> **WHAT THE TASK REQUIRES**
Please transcribe the entries below exactly and leave out every picture.

> **SOURCE DATA**
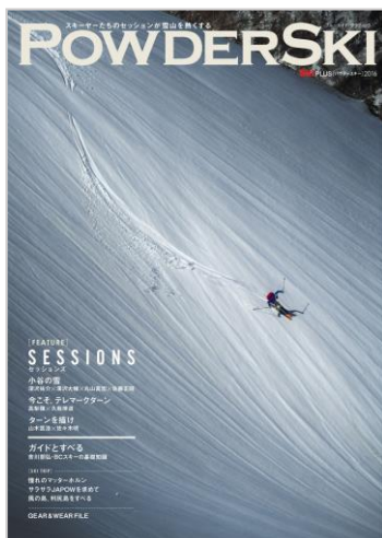
＜＊昨季版表紙イメージ＞
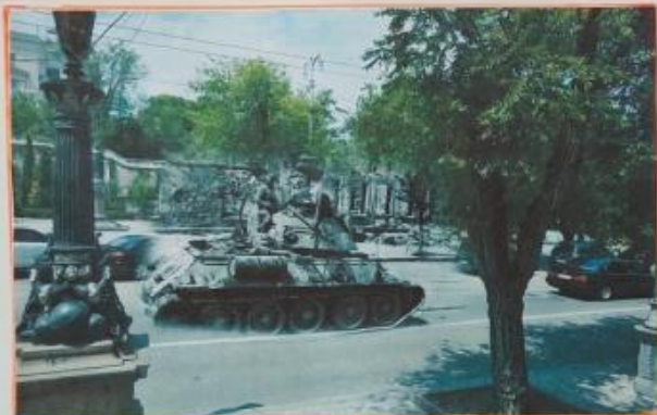
Севастополь 1944/2018 Улица Ленина. Танк Т-34 "Мститель" с морскими пехотинцами на борту врывается в город. Sevastopol 1944/2018 T-34 tank breaks into the city with the Marines on board.
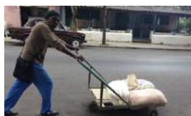
LOS RIESGOS DEL DELITO ECONÓMICO
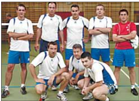
Bodzio Team wygrał rywalizację w grupie B

Do zawodów zgłosiło się 8 drużyn. W grupie A rywalizowały z sobą następujące drużyny: Lodołamacz, Vega, SPR oraz Grand. W grupie B między sobą rywalizowały UKS 1, Białostrzegi, KST i Bodzio Team. Grupę A zdecydowanie wygrał Lodołamacz wygrywając swoje trzy spotkania (jedno 2:1) pozostałe 2:0, mimo, iż zawodnicy tej drużyny grali w piątkę. Drugie miejsce zajęli zawodnicy Vegi, trzecie SPR, natomiast ostatnie miejsce zajął Gran, który nie przyjechał na Turniej w swoim najsilniejszym składzie. W grupie B zwycięstwo odniosła drużyna Bodzio Team, która w rozgrywkach Ligi stawia swoje pierwsze kroki pokonując pozostałe drużyny z grupy po 2:0. Pozostałe miejsca zostały rozstrzygnięte
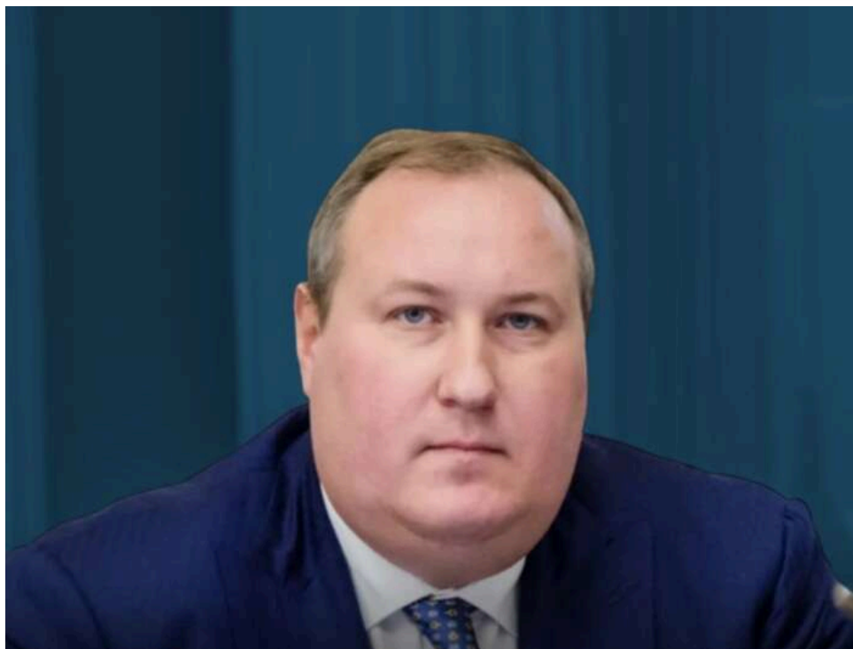
Небезпечний прецедент: ВРП покарала суддів ВАКС за заваду Печерському суду втрутитися у справу НАБУ
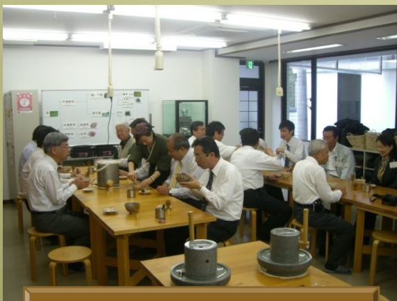
挽き立て抹茶の試飲
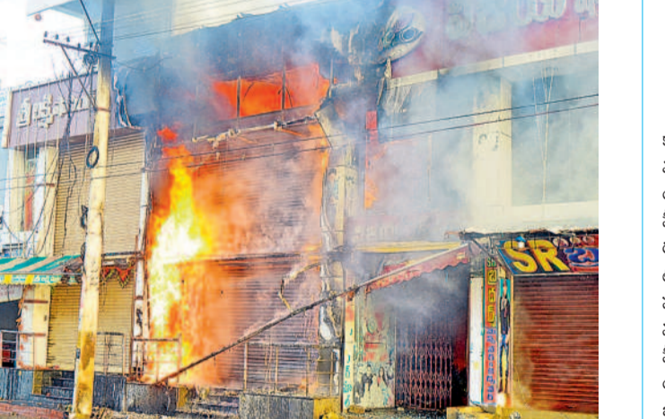
మంటల్లో కాళిపోతున్న షాపింగ్ మార్ట్

య్యారు. వెస్ట్ జోన్ డీపీటీ రాజమహేంద్రవరం రెస్కూయర్స్ పోల్స్ ని మంటలు ఆర్పి ప్రయత్నం చేశారు. జనగామలో పాటు వ్యాపనమనివ్వడం, పాలకుర్తి, మోతూరు, ఆలేరు, భువనగిరి, యాదగిరిగుట్ట నుంచి ఏడు ఫైర్ ఇంజిన్లను రప్పించి మంటలను అదుపు చేశారు. ఉదయం 6 నుంచి సాయంత్రం 6 గంటల వరకు రెస్కూయర్స్ ఆపరేషన్ కొనసాగింది. ట్రాఫిక్ కు అంతరాయం కలగకుండా ఏసీటీ పార్లర్స్ రద్దీ నేతృత్వంలో అగ్ని సేవ దామాచర్ల రెడ్డి బందోబస్తు నిర్వహించారు. అగ్నిమాపకశాఖ అధికారులు సకాలంలో స్పందించి ఉంటే ఇంత పెద్ద ప్రమాదం జరిగి ఉండేది కాదని స్థానికులు ఆరోపణలు చేస్తున్నారు.
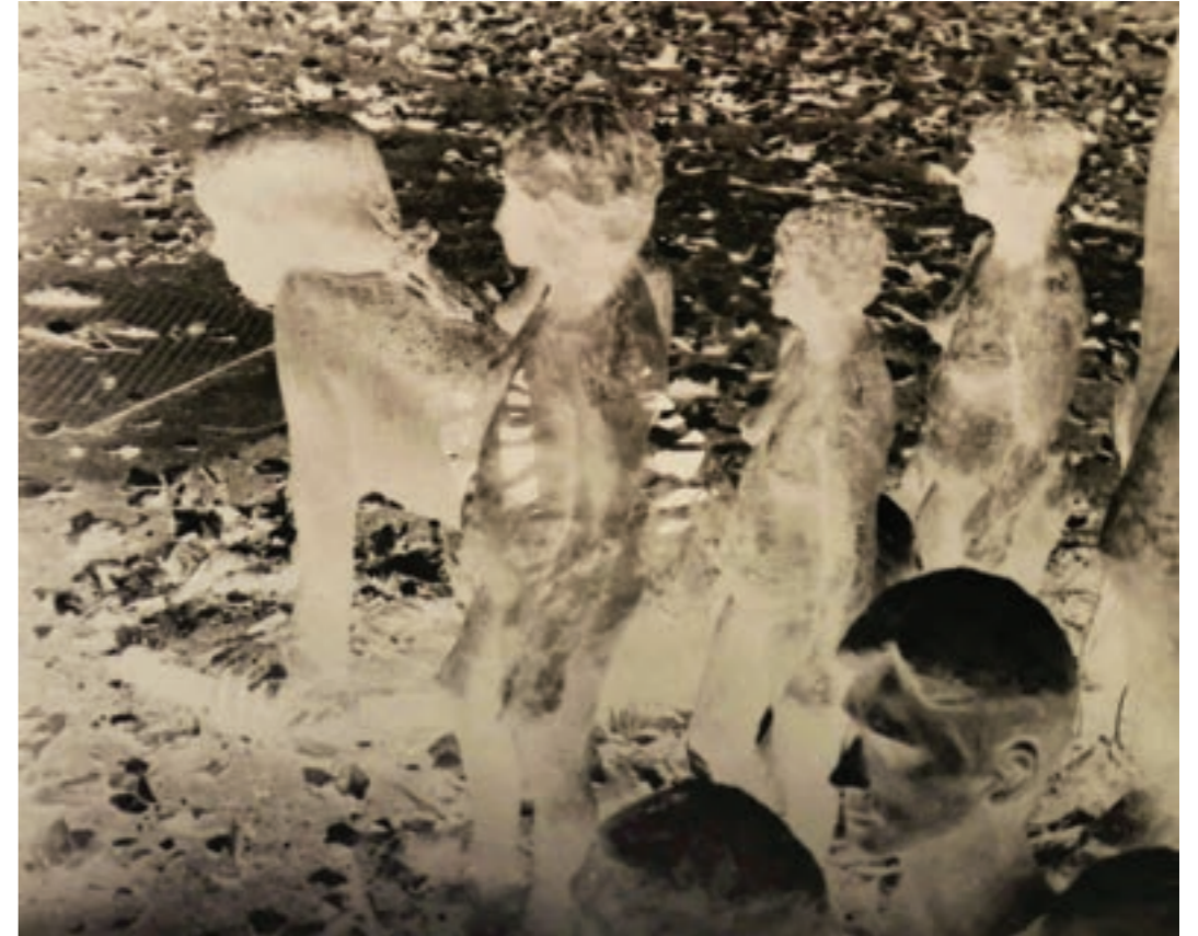
Összenőtt életek 60 x 50 cm, kísérleti fotográfia
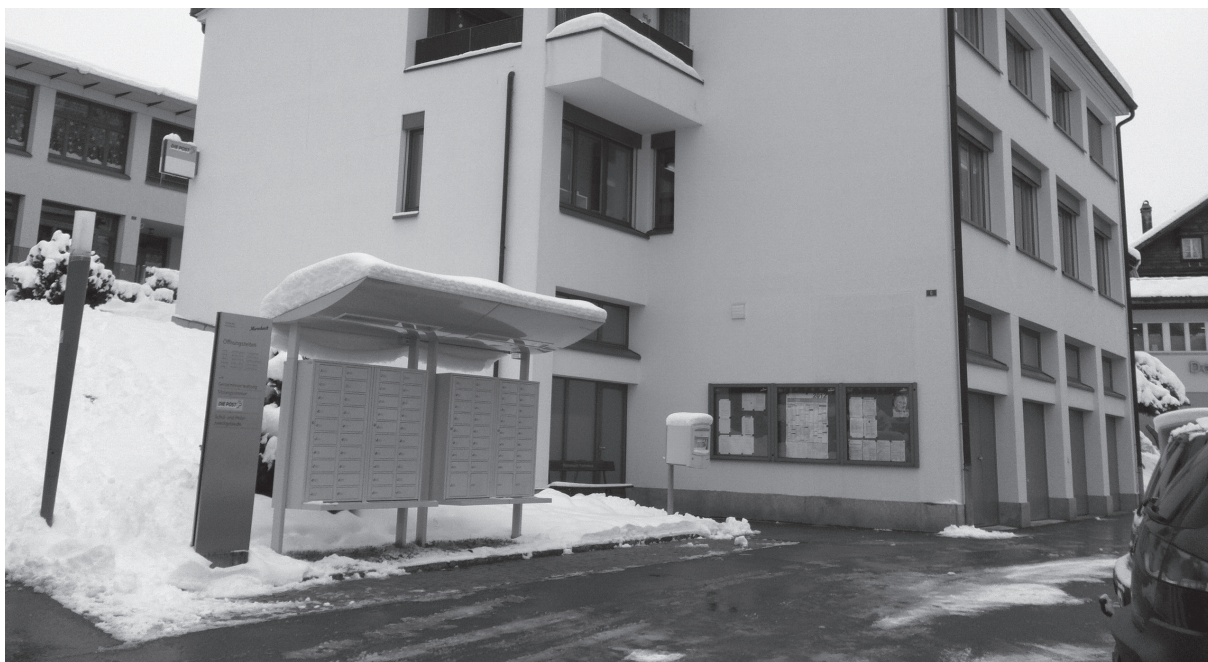
DAS GEMEINDEHAUS UND DIE POSTFACHANLAGE

Die Gemeindeverwaltung sowie die Postagentur Morschach bleiben an den eidgenössischen, kantonalen und kommunalen Feiertagen sowie an folgenden "Brückentagen" geschlossen.
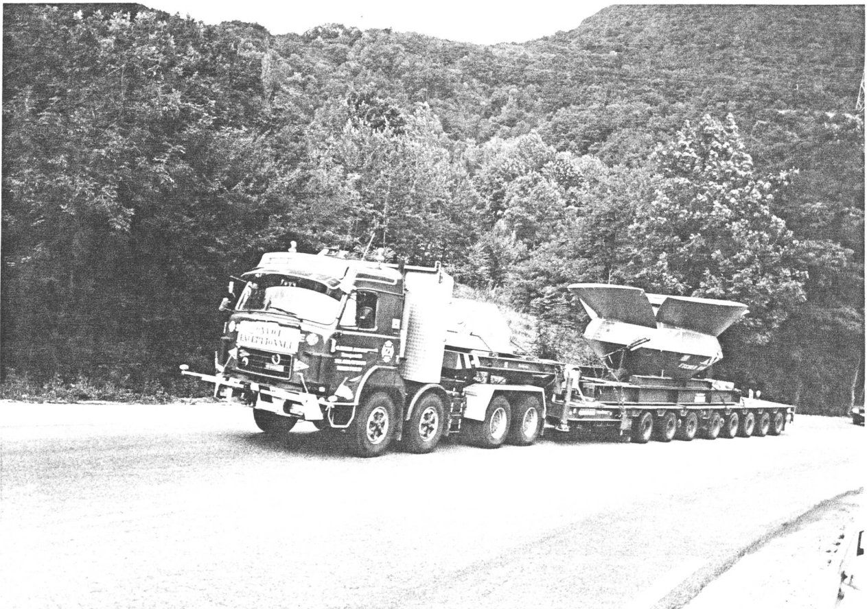
Einer der Transporte von Otto Zuber, unterwegs nach Barcelona.
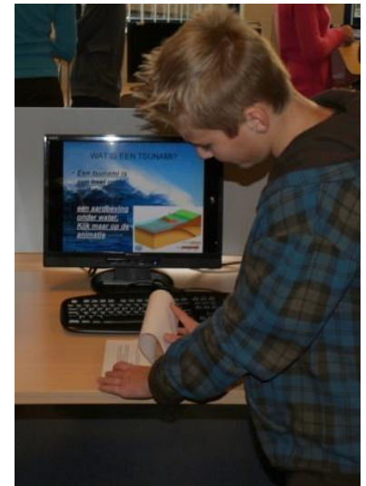
Pim: "Zo bouwt een Tsunami zich op"

Voor vwo-plusleerlingen hebben we een aangepast lesrooster, waardoor je sneller door de "gewone" lessen heen gaat. De vrijgekomen tijd wordt ingevuld met andere uitdagende onderwerpen, die niet in de gewone vakken voorkomen.

> **SOLUTION TO THIS TASK**
＜＊昨季版表紙イメージ＞
Севастополь 1944/2018 Улица Ленина. Танк Т-34 "Мститель" с морскими пехотинцами на борту врывается в город. Sevastopol 1944/2018 T-34 tank breaks into the city with the Marines on board.
LOS RIESGOS DEL DELITO ECONÓMICO
Bodzio Team wygrał rywalizację w grupie B

Do zawodów zgłosiło się 8 drużyn. W grupie A rywalizowały z sobą następujące drużyny: Lodołamacz, Vega, SPR oraz Grand. W grupie B między sobą rywalizowały UKS 1, Białostrzegi, KST i Bodzio Team. Grupę A zdecydowanie wygrał Lodołamacz wygrywając swoje trzy spotkania (jedno 2:1) pozostałe 2:0, mimo, iż zawodnicy tej drużyny grali w piątkę. Drugie miejsce zajęli zawodnicy Vegi, trzecie SPR, natomiast ostatnie miejsce zajął Gran, który nie przyjechał na Turniej w swoim najsilniejszym składzie. W grupie B zwycięstwo odniosła drużyna Bodzio Team, która w rozgrywkach Ligi stawia swoje pierwsze kroki pokonując pozostałe drużyny z grupy po 2:0. Pozostałe miejsca zostały rozstrzygnięte
Небезпечний прецедент: ВРП покарала суддів ВАКС за заваду Печерському суду втрутитися у справу НАБУ
挽き立て抹茶の試飲
మంటల్లో కాళిపోతున్న షాపింగ్ మార్ట్

య్యారు. వెస్ట్ జోన్ డీపీటీ రాజమహేంద్రవరం రెస్కూయర్స్ పోల్స్ ని మంటలు ఆర్పి ప్రయత్నం చేశారు. జనగామలో పాటు వ్యాపనమనివ్వడం, పాలకుర్తి, మోతూరు, ఆలేరు, భువనగిరి, యాదగిరిగుట్ట నుంచి ఏడు ఫైర్ ఇంజిన్లను రప్పించి మంటలను అదుపు చేశారు. ఉదయం 6 నుంచి సాయంత్రం 6 గంటల వరకు రెస్కూయర్స్ ఆపరేషన్ కొనసాగింది. ట్రాఫిక్ కు అంతరాయం కలగకుండా ఏసీటీ పార్లర్స్ రద్దీ నేతృత్వంలో అగ్ని సేవ దామాచర్ల రెడ్డి బందోబస్తు నిర్వహించారు. అగ్నిమాపకశాఖ అధికారులు సకాలంలో స్పందించి ఉంటే ఇంత పెద్ద ప్రమాదం జరిగి ఉండేది కాదని స్థానికులు ఆరోపణలు చేస్తున్నారు.
Összenőtt életek 60 x 50 cm, kísérleti fotográfia
DAS GEMEINDEHAUS UND DIE POSTFACHANLAGE

Die Gemeindeverwaltung sowie die Postagentur Morschach bleiben an den eidgenössischen, kantonalen und kommunalen Feiertagen sowie an folgenden "Brückentagen" geschlossen.
Einer der Transporte von Otto Zuber, unterwegs nach Barcelona.
Pim: "Zo bouwt een Tsunami zich op"

Voor vwo-plusleerlingen hebben we een aangepast lesrooster, waardoor je sneller door de "gewone" lessen heen gaat. De vrijgekomen tijd wordt ingevuld met andere uitdagende onderwerpen, die niet in de gewone vakken voorkomen.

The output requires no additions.